*** Source data Section Begins ***

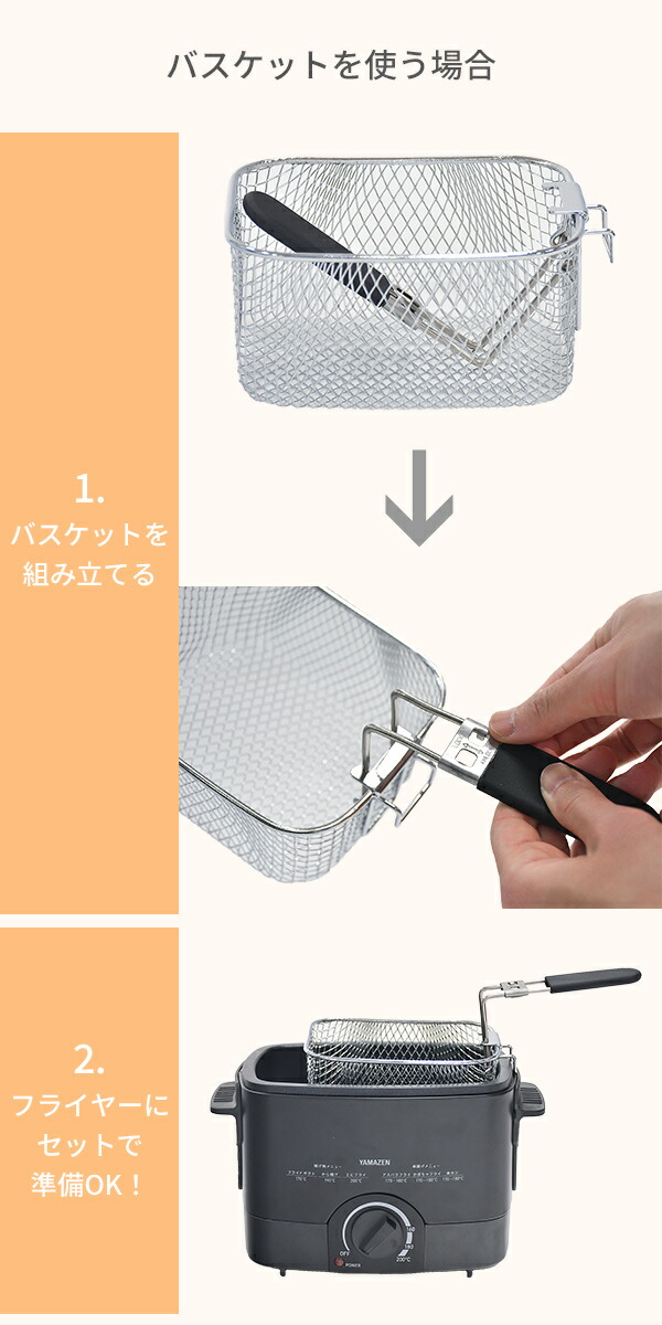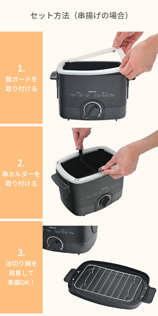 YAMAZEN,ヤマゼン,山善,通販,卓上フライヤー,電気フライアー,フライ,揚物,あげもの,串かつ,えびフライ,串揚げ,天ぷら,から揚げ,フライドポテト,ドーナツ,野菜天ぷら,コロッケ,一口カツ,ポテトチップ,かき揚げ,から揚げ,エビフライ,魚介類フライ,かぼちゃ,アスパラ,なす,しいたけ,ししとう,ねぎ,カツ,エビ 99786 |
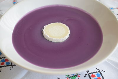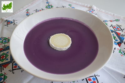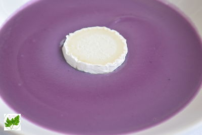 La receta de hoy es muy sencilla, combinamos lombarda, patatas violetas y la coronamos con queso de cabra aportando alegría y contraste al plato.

*** Source data Section Ends ***
*** Source data Section Begins ***

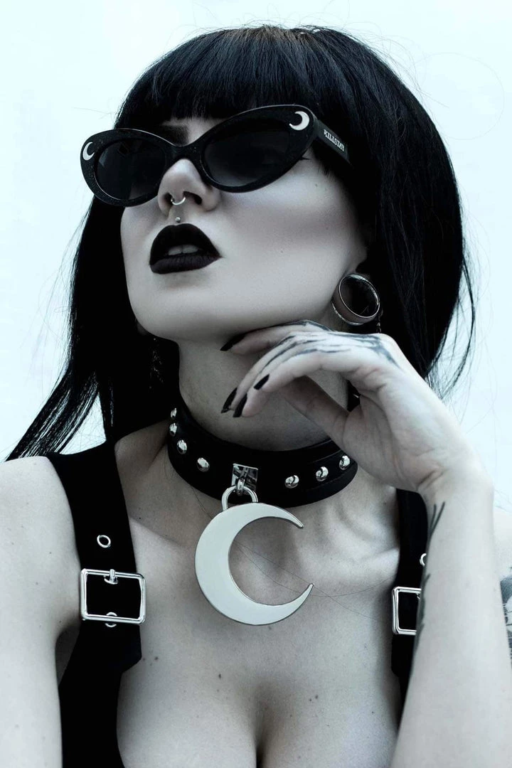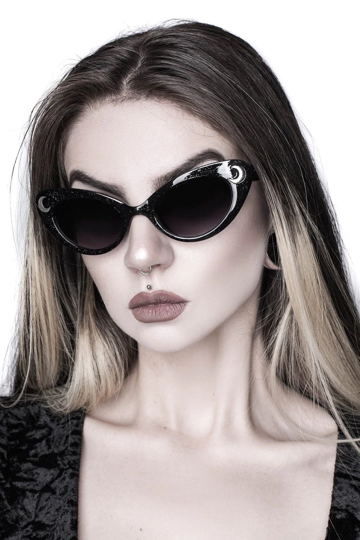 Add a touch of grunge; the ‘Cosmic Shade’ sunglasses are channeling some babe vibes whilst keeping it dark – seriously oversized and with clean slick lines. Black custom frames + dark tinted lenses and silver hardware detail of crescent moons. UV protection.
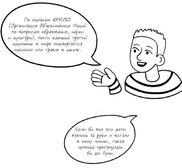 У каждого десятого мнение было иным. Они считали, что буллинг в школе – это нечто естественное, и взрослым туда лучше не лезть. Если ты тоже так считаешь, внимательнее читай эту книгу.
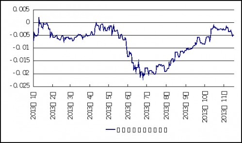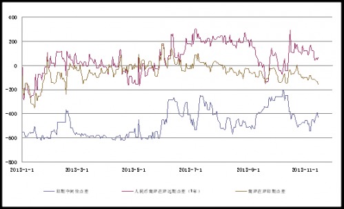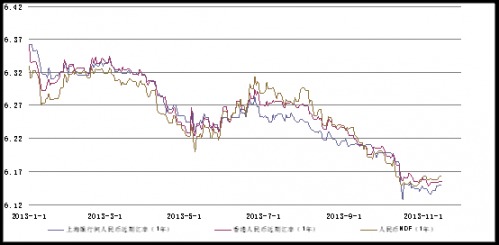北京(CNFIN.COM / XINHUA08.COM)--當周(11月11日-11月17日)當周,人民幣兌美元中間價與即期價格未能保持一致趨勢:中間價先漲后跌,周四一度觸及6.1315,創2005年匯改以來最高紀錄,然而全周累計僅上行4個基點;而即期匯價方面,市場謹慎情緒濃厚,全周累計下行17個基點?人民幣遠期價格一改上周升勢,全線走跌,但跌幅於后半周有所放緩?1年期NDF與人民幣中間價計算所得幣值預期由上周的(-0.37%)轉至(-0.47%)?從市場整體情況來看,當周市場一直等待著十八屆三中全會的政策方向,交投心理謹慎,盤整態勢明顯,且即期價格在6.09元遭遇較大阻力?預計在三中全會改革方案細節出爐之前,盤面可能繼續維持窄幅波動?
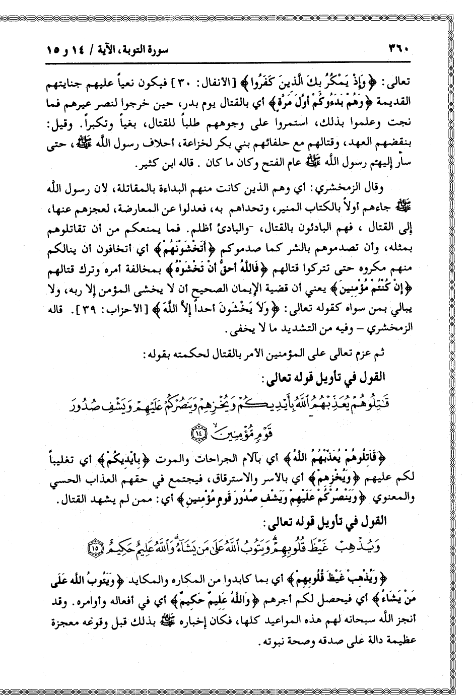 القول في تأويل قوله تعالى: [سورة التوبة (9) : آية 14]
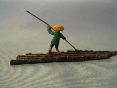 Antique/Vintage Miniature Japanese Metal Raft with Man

*** Source data Section Ends ***
*** Source data Section Begins ***

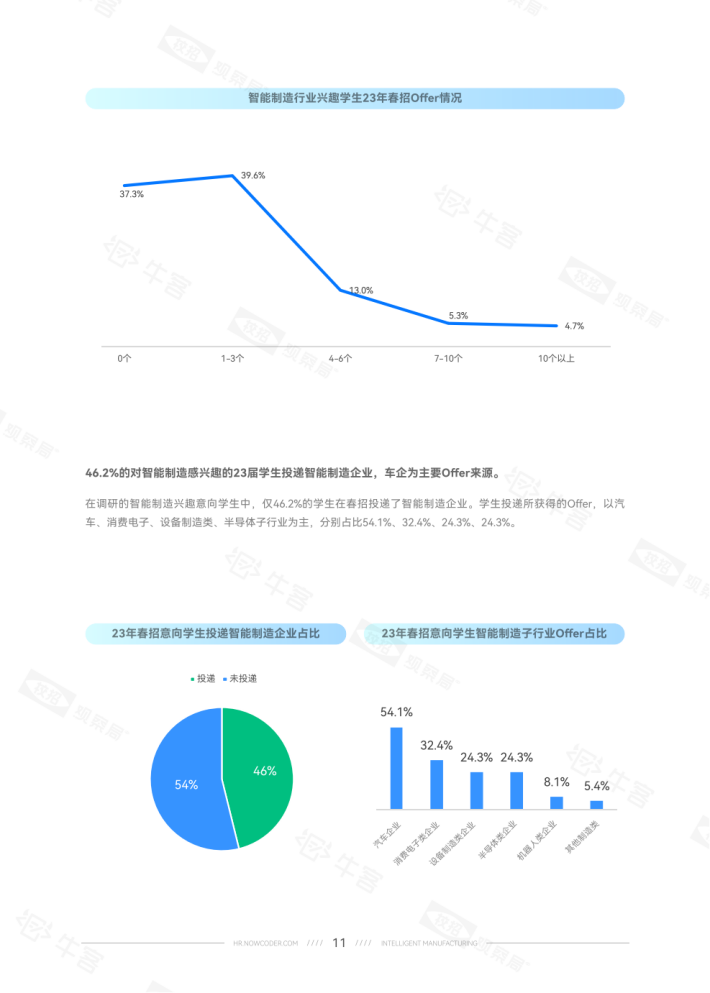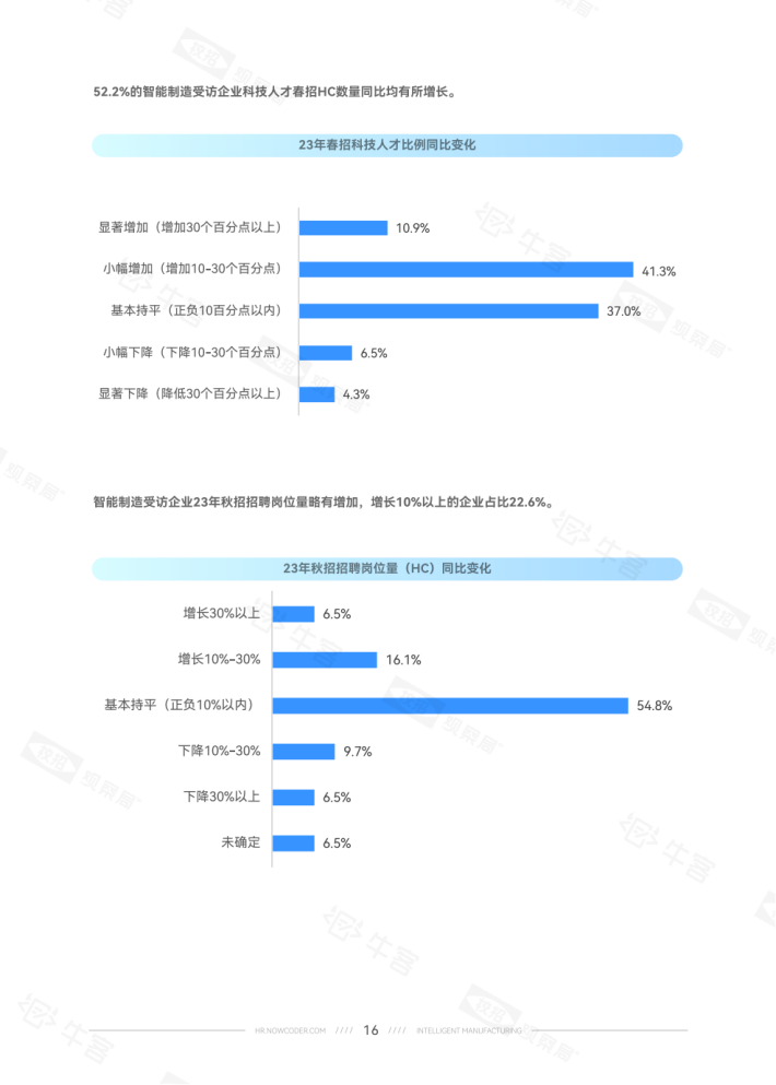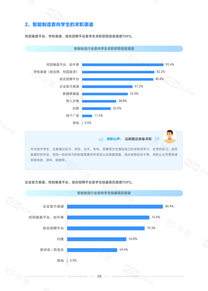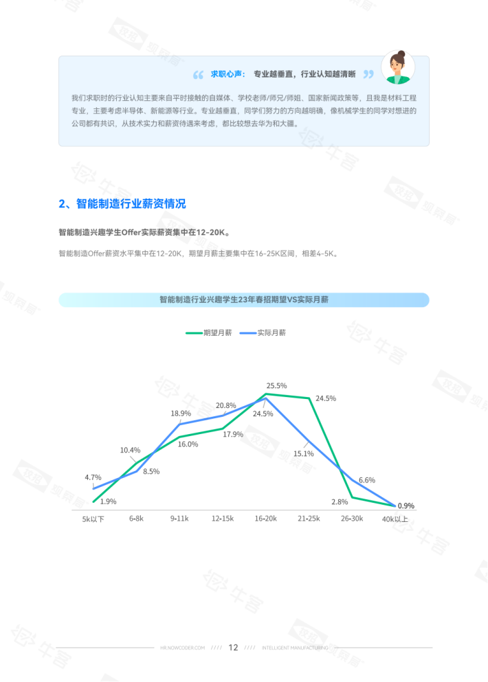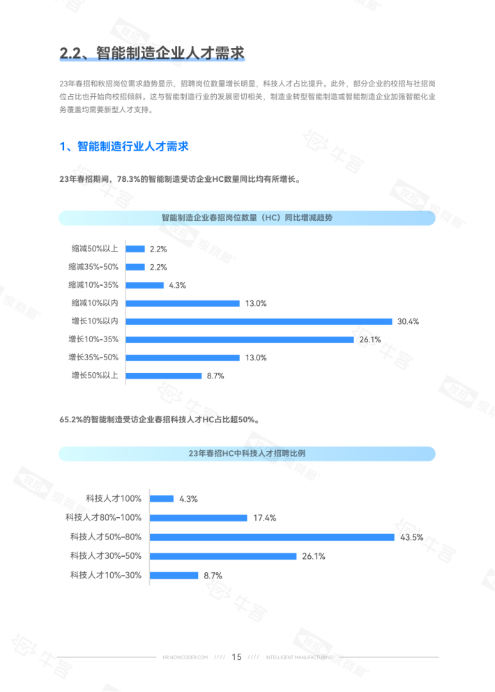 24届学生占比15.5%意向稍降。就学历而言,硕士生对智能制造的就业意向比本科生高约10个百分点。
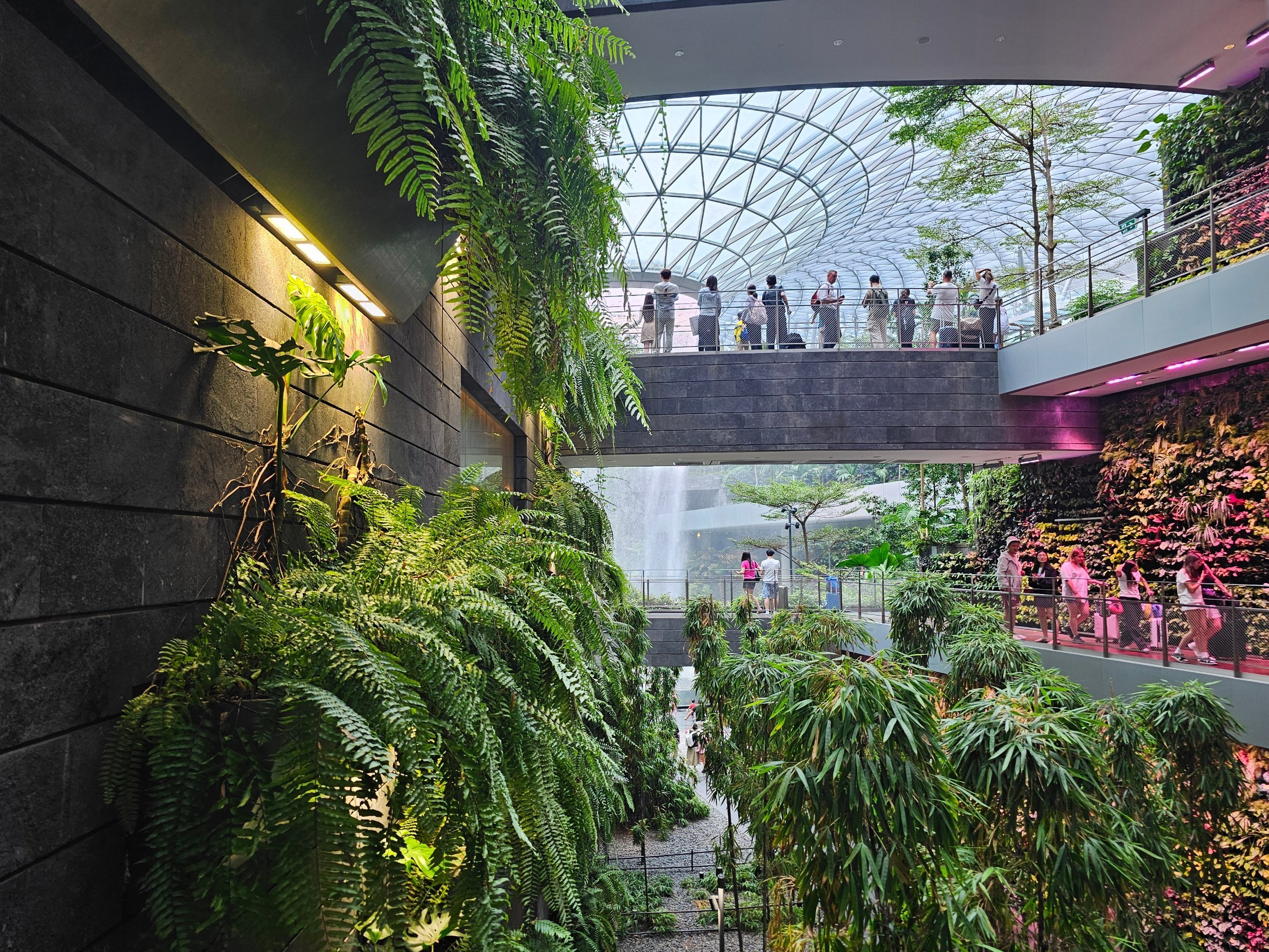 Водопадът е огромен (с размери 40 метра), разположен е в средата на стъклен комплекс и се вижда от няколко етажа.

*** Source data Section Ends ***

## Your instructions:
Would you give again, exactly, the lines in the data above that run from the line containing "القول في تأويل" to the line containing "Antique/Vintage Miniature Japanese"? Include both ends and no pictures.

## Output for this task:
 القول في تأويل قوله تعالى: [سورة التوبة (9) : آية 14]
 Antique/Vintage Miniature Japanese Metal Raft with Man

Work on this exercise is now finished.